Schwarze wollen schwarzes Modell ändern
Hierzulande wird der Bundespräsident per Volkswahl bestimmt und hat die Zügel der Macht (theoretisch) in der Hand. Er kann sich aussuchen, wen er zum Kanzler ernennt, Regierungen entlassen, den Nationalrat sowie die neun Landtage auflösen. In Krisenzeiten kann der Bundespräsident mit Notverordnungen das Land lenken, wenn ihn die Regierung dazu ermächtigt. Auch in friedlichen Zeiten ist ein Gesetz erst gültig, wenn der Bundespräsident es unterzeichnet hat. Dass vor allem ÖVP-Vertreter immer wieder Vorstöße wagen, um das Amt des Bundespräsidenten abzuwerten, ist bemerkenswert. Denn es waren die Christlich-Sozialen, die in der Ersten Republik darauf pochten, dass ein eigener Präsident über das Land wacht. Die sozialdemokratische Seite hatte Angst vor einem Ersatzkaiser. In der Verfassung von 1920 einigte man sich auf einen Bundespräsidenten, der wenig Kompetenzen hat und von Abgeordneten bestimmt wird. Neun Jahre später – in einer Zeit, in der die politischen Gegensätze stärker wurden und autoritäre Kräfte aufkamen – folgte die Aufwertung des Präsidenten. Im Gegenzug wurde die Volkswahl eingeführt. Dieses Modell wurde auch in der Zweiten Republik angewandt, wenngleich der Ruf nach Reformen immer wieder auftaucht.

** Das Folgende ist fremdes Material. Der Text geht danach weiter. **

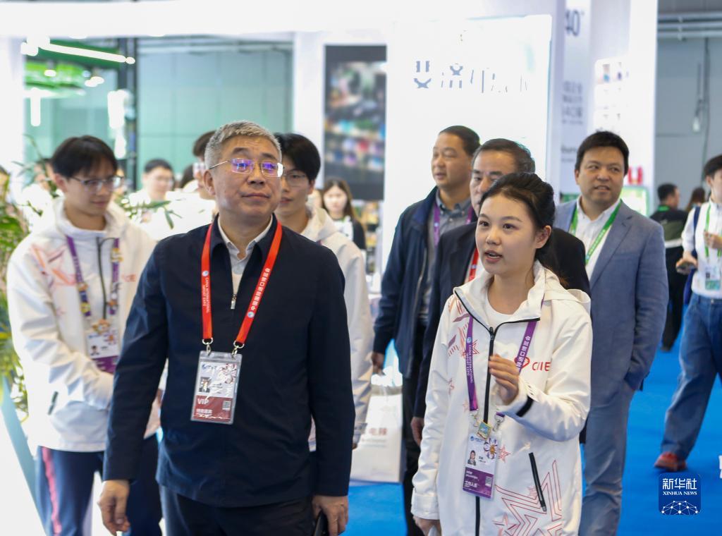 11月7日,在第六屆進(jìn)博會(huì )上,上海理工大學(xué)志愿者吳楊(右)陪同嘉賓參觀(guān)。
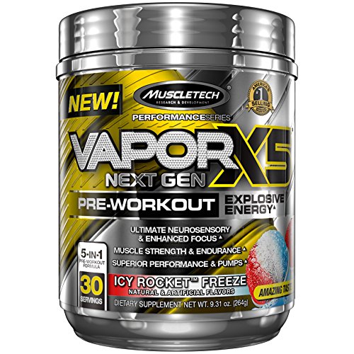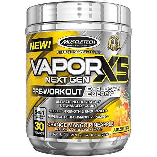 VaporX5 Next Gen pre workout powder delivers explosive energy and focus. Its unique combination of a precisely dosed neurotransmitter precursor and a potent amount of caffeine will fire up your energy & enhance your focus

So wurde in den 1990er-Jahren von ÖVP-Vordenkern vorgeschlagen, das Amt von Bundespräsident und Kanzler zu vereinen. Der einstige Nationalratspräsident Andreas Khol erklärte im Jahr 2003, dass das Recht des Bundespräsidenten, das Parlament aufzulösen, überholt sei. Im Österreich-Konvent (2003–2005) schlug der ÖVP-Bundesrat Herwig Hösele vor, dass die neun Landeshauptleute sich im Halbjahrestakt als Bundespräsident abwechseln. Bundespräsident Heinz Fischer selbst hatte im Vorjahr zwar vorgeschlagen, die Amtszeit von sechs auf acht Jahre zu verlängern und dafür keine Wiederwahl zu ermöglichen. Für Fischer selbst ist die Abschaffung seines Amtes aber „kein Thema“, wie er am Dienstag kundtat.
Auch die Schweizer diskutierten im Vorjahr über Änderungen bei der Bundespräsidentenwahl. Die Idee einer längeren Amtszeit wurde aber verworfen, damit nicht eine Sprachgruppe zu lange auf das Amt wartet.